It was as random as a side winding twister and ten times as deadly.

How could you fight something like this? How could you win? He supposed that the point of the matter was that you couldn't. That's what was really galling. Sure you could fight your way through walker after walker, you could camp out in the middle of butt fuck no where and survive on just your skills and the size of your balls. But in the end, what happens when you shut your eyes? Even if it was just for one moment?

It was all left to chance…fate.

And that was the catch of the thing, because he didn't believe in fate. He believed in himself. The only thing…the only person in this whole messed up world that he knew he could always count on. He didn't need anyone else. He didn't need any Promised Land, 'we have a future' bullshit either. He'd take his reality stone cold, bloody, and served up raw on a big fucking platter thank you very much.

But for the others it was different. The loss of the CDC had been far more cut throat and keen for the likes of them. They had allowed themselves to hope that maybe they didn't have to run anymore. That maybe, despite it all, they could be safe again. And to have that hope ripped away like that, gone in less time then it took to blink, had been absolutely devastating to the lot of them. In a way he understood it. Yet in another way he didn't. Sure the grub and the hot running water had been something to savour. And sure the feel of a real box spring mattress and those overly indulgent silk sheets had certainly been a marvel to the senses. But even then, he hadn't exactly been planning on setting down roots in the place either.

Life's a bitch and then you die.

They'd get over it. It wasn't like things had gone exactly the way he'd wanted them too either. At least they'd gotten a few square meals and a shower out of the deal. These days you really couldn't ask for anymore then that. In fact, by his reasoning they had actually been lucky. After all, who could boast nearly two days of three square meals a day, hot running water, and all the booze they could properly drink? And it was done all without having to worry about getting dive bombed and hamstringed by a walker or three when all you wanted to do was to take a god damned piss.

It was a tall order to be sure, especially these days.

But for the others the feeling remained, festering out in the open like a wound that wouldn't mend, cloyingly thick and pervasive in the still Georgian air. And like moths to a flame, each and every one of them had come to sit together around a single, rather sickly looking fire. Dead eyes glinted in the near light like they weren't really seeing anything at all.

There were no words being spoken, with no one saying much of anything save for a few half muted whispers here and there. And even then, the words were stilted. Nothing much to say he supposed. Nothing save for that single burning question that was still reverberating through his mind like a bloody brass band. The one question that no one seemed to be asking anymore..at least not since the CDC.

Now what?

The soles of his boots ground deeply into the crumbling black top, nudging a few badly mixed chunks to the side as he dropped down from the tail gate of his old Ford. Hanging back deliberately as he took in the others still ringed around the main fire, bundled up against a greater chill that came from within. Apparently he wasn't the only one that could still smell the scent of burning cordierite on the air..
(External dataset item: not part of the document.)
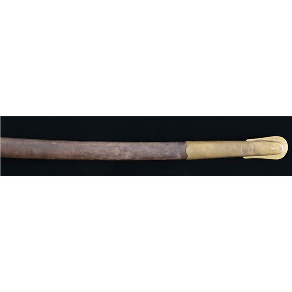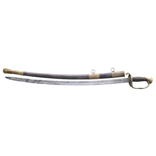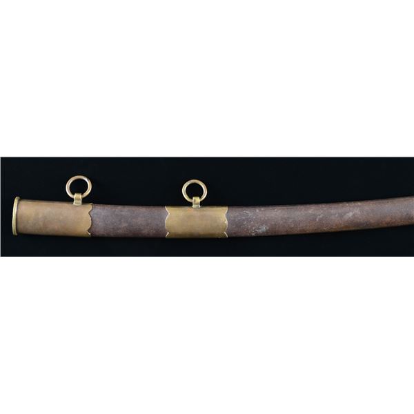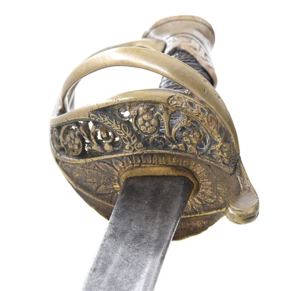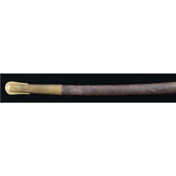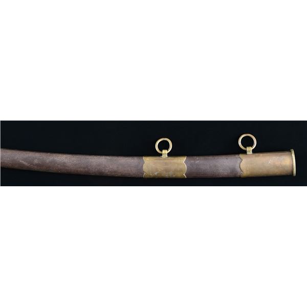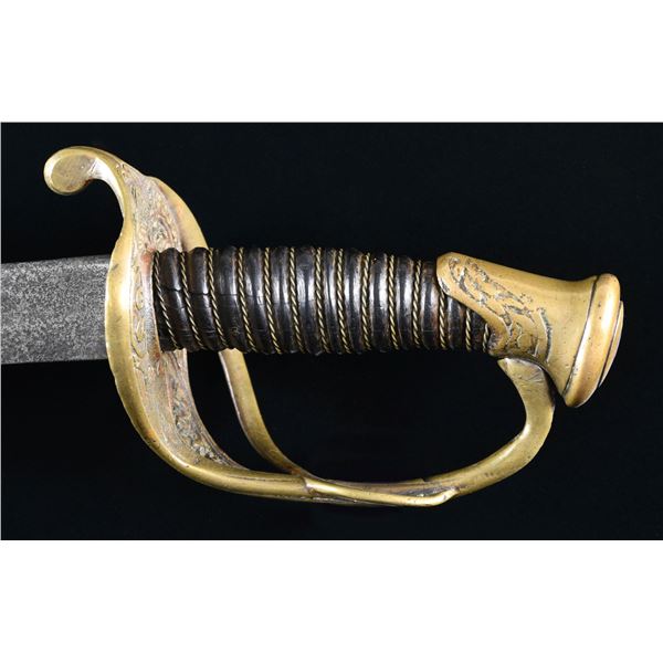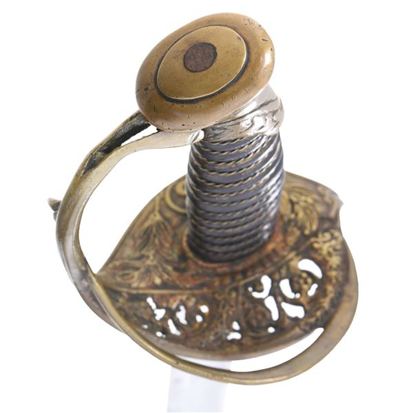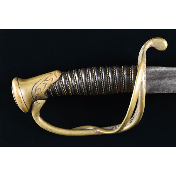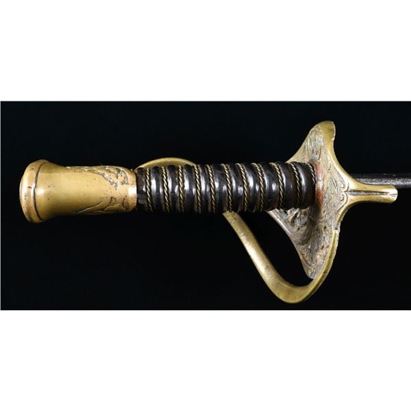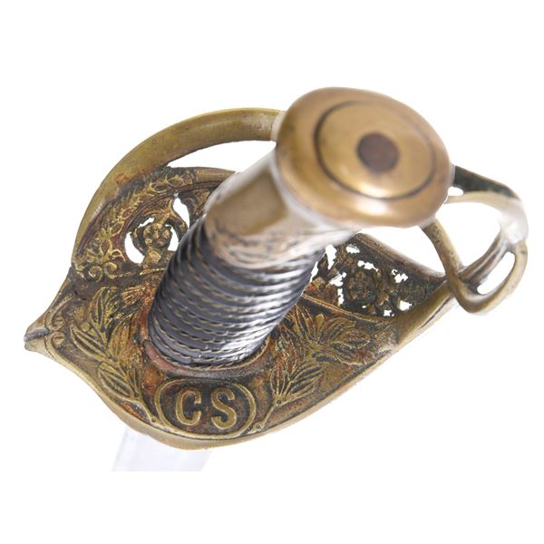 SWORD. Only a handful of this pattern are known, made in deep south, probably by Louis Bissonnet in Mobile, but often attributed to Leech & Rigdon. The original Confederate brass mounted iron scabbard has figured mounts found on other known Leech swords & sabers. Hilt exhibits a relief cast "CS" in oval frame on top of guard with an extra added branch found on a few inscribed swords with extra polish and finish like this example. The blade etch is heavily worn and presentation is not discernible. UNATTACHED ACCESSORIES: copy of Heritage Auctions, results & description from Don Tharpe collection, lot 72247, Dec. 1, 2007. CONDITION: very good overall, hilt, grip, and scabbard are fine, good patina, polished wood grip retains most of its black dyed surface with tightly wrapped original twisted brass wire. 30" blade is cleaned, pitted, with discernable traces of whimsical etching characteristic to Louis Bissonnet. Similar swords are known presented to generals and other high rank officers. PROVENANCE: Lifelong collection of Richard A. Baumann. (02-23363/JS). NON-GUN. $12,000-20,000.
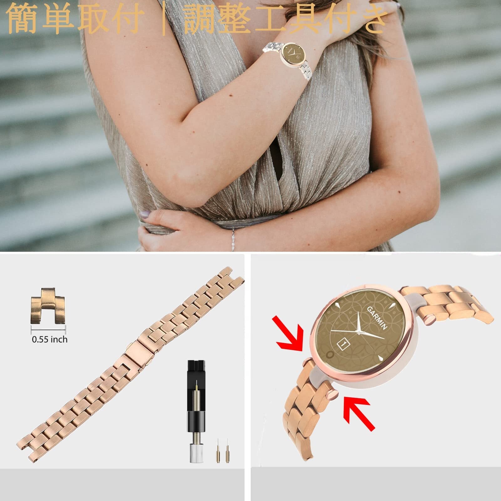 【簡単取付|調整工具付き】調節工具付きで自分でGarmin Lily Watchの長さを腕によって調節して、余分なチェーンを取り外すことができます。また、バンドの着脱はとても簡単です。

After a long moment of deliberation he left the sidelines and joined the others, saying nothing as he sank down on his haunches in the space that had been left for him between Glenn and T-dog. Ignoring the way a collective sigh seemed to issue from around the breadth of the circle as he took his place. As if by his presence alone the group somehow gained some small semblance of peace for the first time since they had made camp that evening.

And while he said nothing, simply staring into the fire with a critical eye, weaving a river reed in between his fingers as he pondered on the longevity of the coals, privately he wasn't exactly sure what to do with the fact that it felt almost as though they had not only expected him to join them, but had wanted him to as well.. He chewed on the inside of his cheek at the thought. Not even noticing what he had done until the metallic trickle of raw copper assault his taste buds. He didn't even blink when he forced himself to swallow. Wouldn't be the first time he had tasted his own blood, and he reckoned it certainly wouldn't be the last.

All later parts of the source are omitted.